Collected data entries:
* * * * * * *

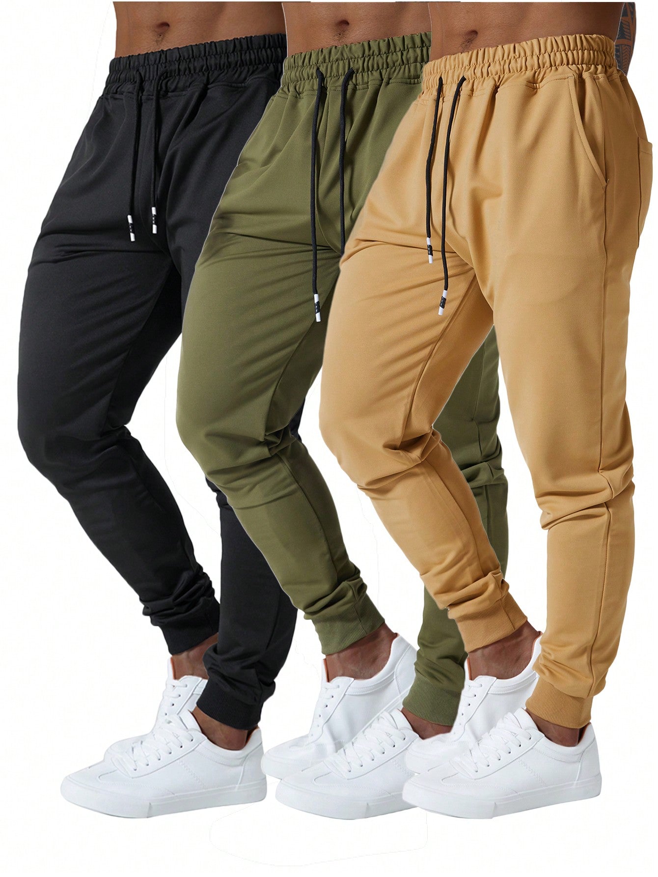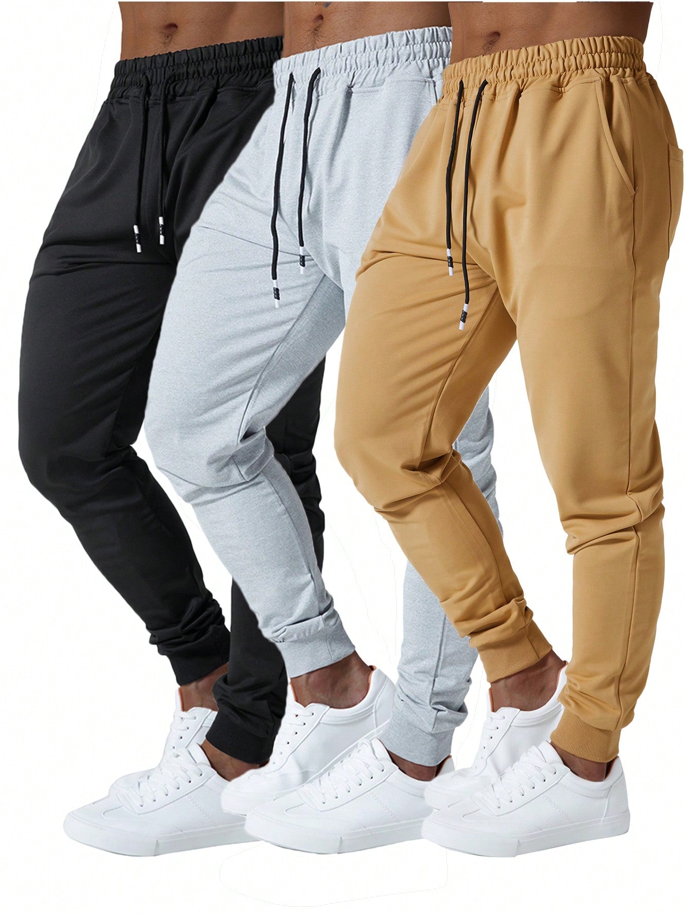 3 Pcs Men Jogger Sweatpants Slim Fit Elastic Drawstring Deep Side Pockets Athletic Track Pants For Gym Running Workout
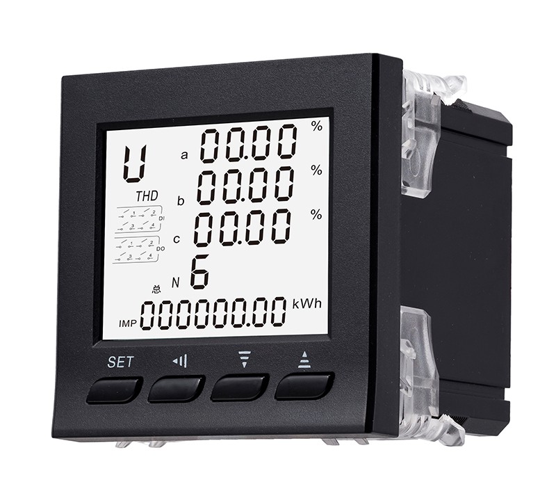 液晶諧波電力儀表是針對電力系統(tǒng)、工礦企業(yè)、公共設(shè)施、智能大廈的電力監(jiān)控需求而設(shè)計(jì)的。它能測量所有的常用電力參數(shù),包括電流、電壓、頻率、功率因素、有功功率、無功功率、有功電能、無功電能等,帶開關(guān)量輸入輸出、電能脈沖輸出和RS485通訊接口,可實(shí)現(xiàn)數(shù)據(jù)的遠(yuǎn)程傳輸。并可選配模擬量輸出、諧波含量分析、復(fù)費(fèi)率電能統(tǒng)計(jì)、事件記錄等多個功能;產(chǎn)品目前廣泛應(yīng)用于能源管理系統(tǒng)、變電站自動化、配電網(wǎng)自動化、小區(qū)電力監(jiān)控、工業(yè)自動化、智能建筑、智能配電盤及開關(guān)柜中。
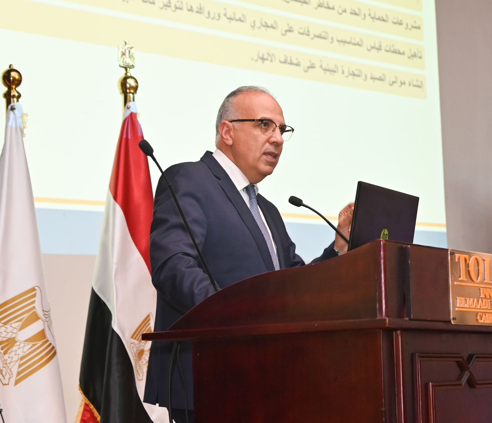 وأشار الوزير إلى تحديات المياه في مصر، حيث تصل الاحتياجات المائية إلى 114 مليار متر مكعب سنوياً تقابلها موارد مائية لا تتجاوز 60 مليار متر مكعب سنوياً، حيث يتم سد جزء من الفجوة بين الموارد والاحتياجات المائية من خلال إعادة استخدام 21 مليار متر مكعب من المياه سنوياً، بالإضافة إلى استيراد محاصيل من الخارج بما يقابل حوالي 5ر33 مليار متر مكعب سنوياً، وهو ما يعرف بالمياه الافتراضية.
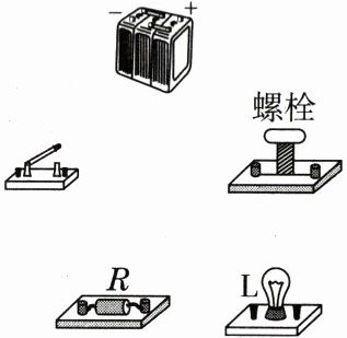 19. [2024·苏州工业园区模拟]小明设计了一个高铁轨道螺栓警报器模型电路,其原理是:金属螺栓连接在电路中,当螺栓松动掉落时,它会与下端的导线分离,此时电灯亮起而发出警报。请用笔画线代替导线,连接以下器材完成电路设计。
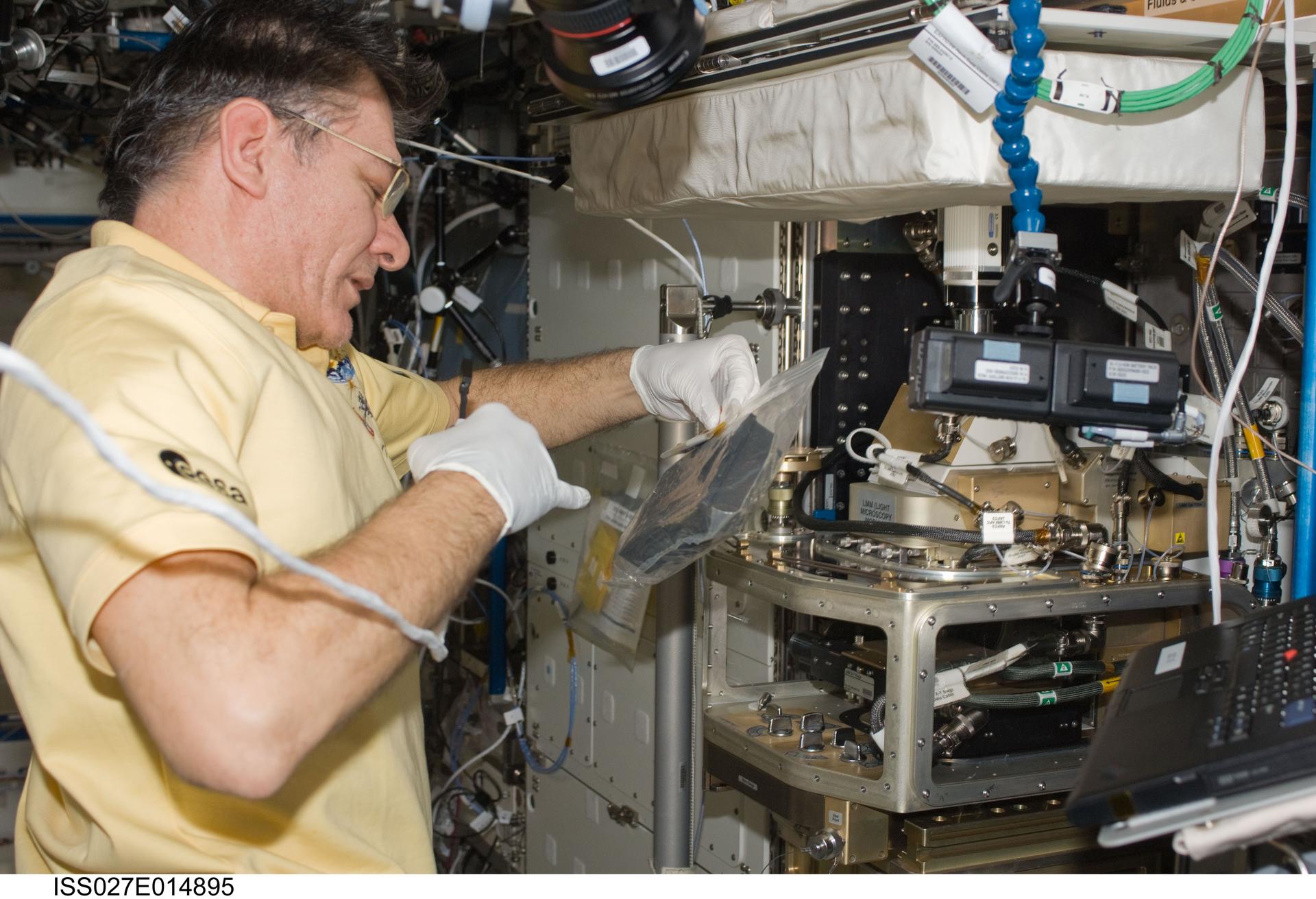 ISS027-E-014895 (21 April 2011) --- European Space Agency astronaut Paolo Nespoli, Expedition 27 flight engineer, works with the Light Microscopy Module (LMM) in the Destiny laboratory of the International Space Station.
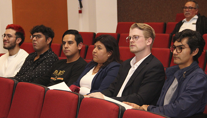 En el presídiumdel eventoestuvieron elDr. Andrés Molano Jiménez, Director del DEII; laMtra. Patricia Gutiérrez Franklin, Coordinadora de Relaciones Estratégicas con Egresados y Egresadas; Mtro.Diego Martínez de Velasco Amado, Director de Emprendimiento, Talento y Desarrollo Empresarial; Dr.Erick René Bojorges Valdez, Coordinador de Ingeniería Biomédica;Mtro. Andrés Tortolero Baena, Coordinador de Ingeniería en Ciencia de Datos;Mtro.Jorge Rivera Albarrán, Coordinador de Transformación Digital yMtro.Jorge Rodríguez García, Coordinador de los Programas Académicos de Ingeniería Electrónica.
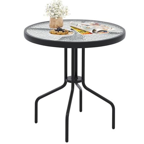 FANTASK Bistrobord med bordsskiva av härdat glas, 70 x 70 x 71 cm, runt balkongbord, utomhusmatbord för terrass
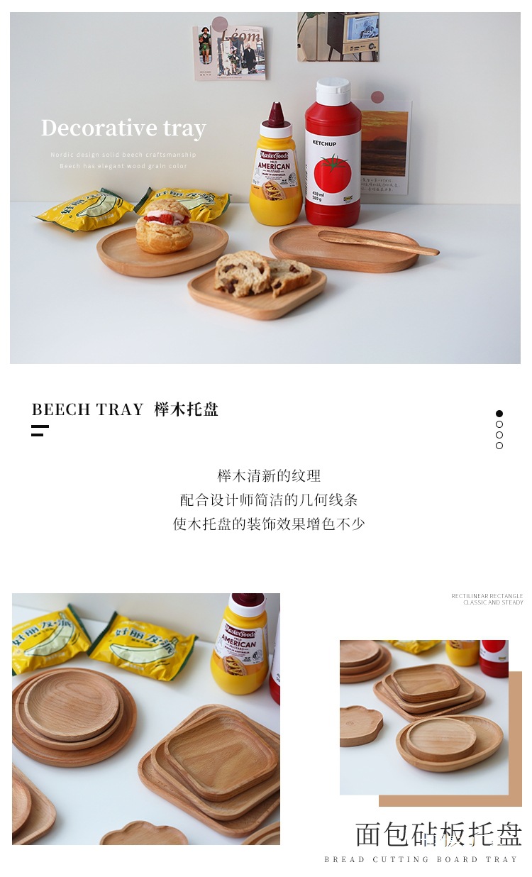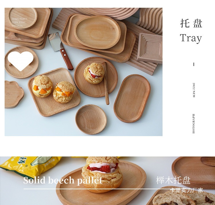너도밤 나무 나무 타원형 케이크 일본식 나무 접시 작은 신선한 기능 접시 스낵 홈 다이닝 접시 나무 트레이
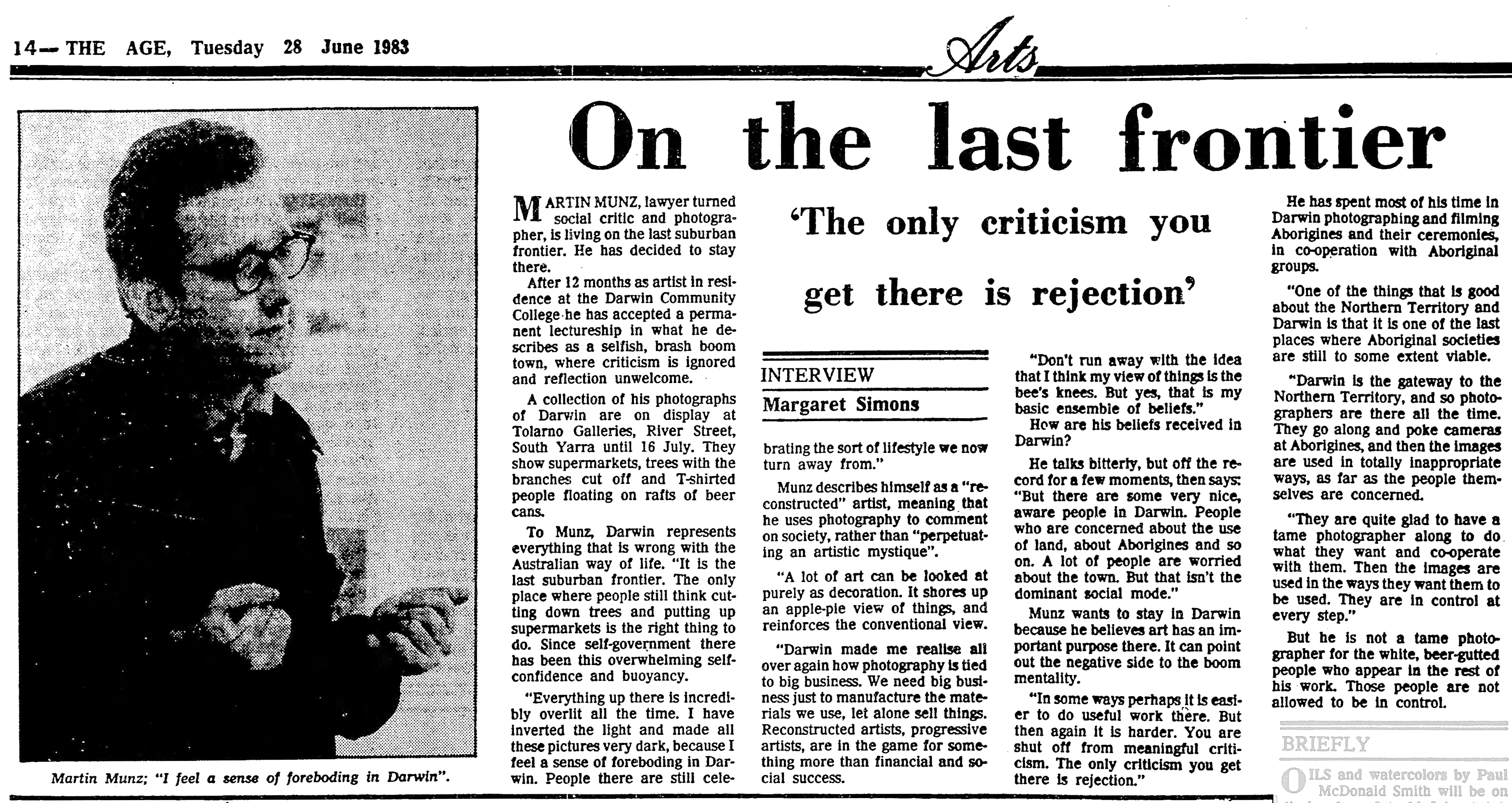 Margaret Simons, interviewing Martin for The Age in June 1983 noted how he photographed and filmed First Nations peoples around Darwin and their ceremonies in cooperation with Aboriginal groups:
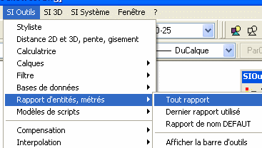 • Pour utilisez votre nouveau métrés, utilisez le menu SI Outils>Rapports d'entités, métrés>Tout rapport, puis sélectionnez le métrés à exécuter et ensuite les entités du DWG.
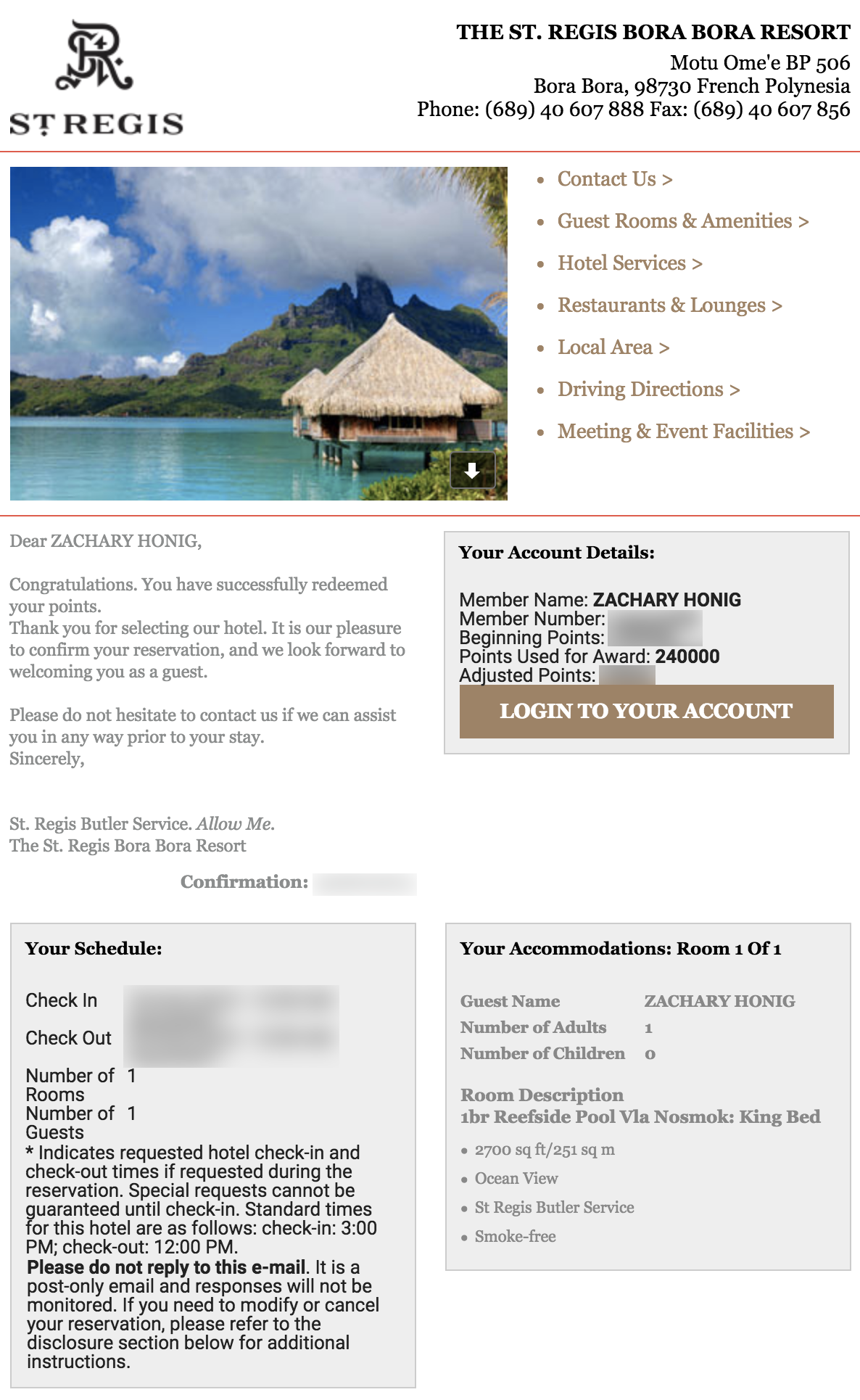 Another colleague had success booking a five-night stay at the St. Regis Maldives. My TPG colleague Summer Hull was able to do the same for a Reefside Pool room at the St. Regis Bora Bora, and my fellow Editor-at-Large Zach Honig was even able to snag a five-night stay there for next summer:
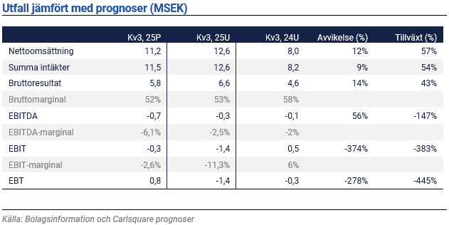- Bruttoresultatet på 6,6 MSEK i kv3 2025 blev ca 14% högre än vår prognos på 5,8 MSEK. Ett bruttoresultat på 6,6 MSEK motsvarar en bruttomarginal på 52,5%, vilket är marginellt högre än vår marginalprognos som var 52%
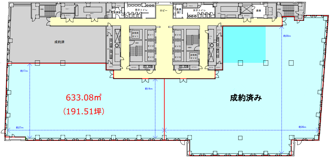| 備考 | ・駅近 ・大通り沿い ・大型ビル ・新耐震基準適合 ・エレベーター8基 ・天井高2.6m ・防災用非常用発電完備 ・非常用発電機設置スペース有 ・6階に授乳室有 |
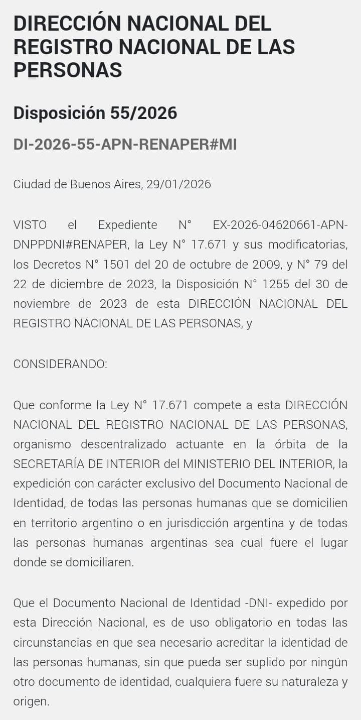 BUENOS AIRES.- En mañana de éste viernes se publicaron en el Boletín Oficial, las Disposiciones N° 54/2026 y N° 55/2026, a través de las cuales la Dirección Nacional del Registro de las Personas (DNRP), presentó un nuevo Documento Nacional de Identidad (DNI) electrónico y una serie de cambios en el pasaporte, que comenzarán a regir el 1° de febrero de 2026.

* * * * * * *

HOW TO COMPLETE THIS TASK:
Skip the pictures and quote each line of the entries above, from the first through the line with "液晶諧波電力儀表是針對電力系", exactly as it appears.

EXERCISE SOLUTION:
 3 Pcs Men Jogger Sweatpants Slim Fit Elastic Drawstring Deep Side Pockets Athletic Track Pants For Gym Running Workout
 液晶諧波電力儀表是針對電力系統(tǒng)、工礦企業(yè)、公共設(shè)施、智能大廈的電力監(jiān)控需求而設(shè)計(jì)的。它能測量所有的常用電力參數(shù),包括電流、電壓、頻率、功率因素、有功功率、無功功率、有功電能、無功電能等,帶開關(guān)量輸入輸出、電能脈沖輸出和RS485通訊接口,可實(shí)現(xiàn)數(shù)據(jù)的遠(yuǎn)程傳輸。并可選配模擬量輸出、諧波含量分析、復(fù)費(fèi)率電能統(tǒng)計(jì)、事件記錄等多個功能;產(chǎn)品目前廣泛應(yīng)用于能源管理系統(tǒng)、變電站自動化、配電網(wǎng)自動化、小區(qū)電力監(jiān)控、工業(yè)自動化、智能建筑、智能配電盤及開關(guān)柜中。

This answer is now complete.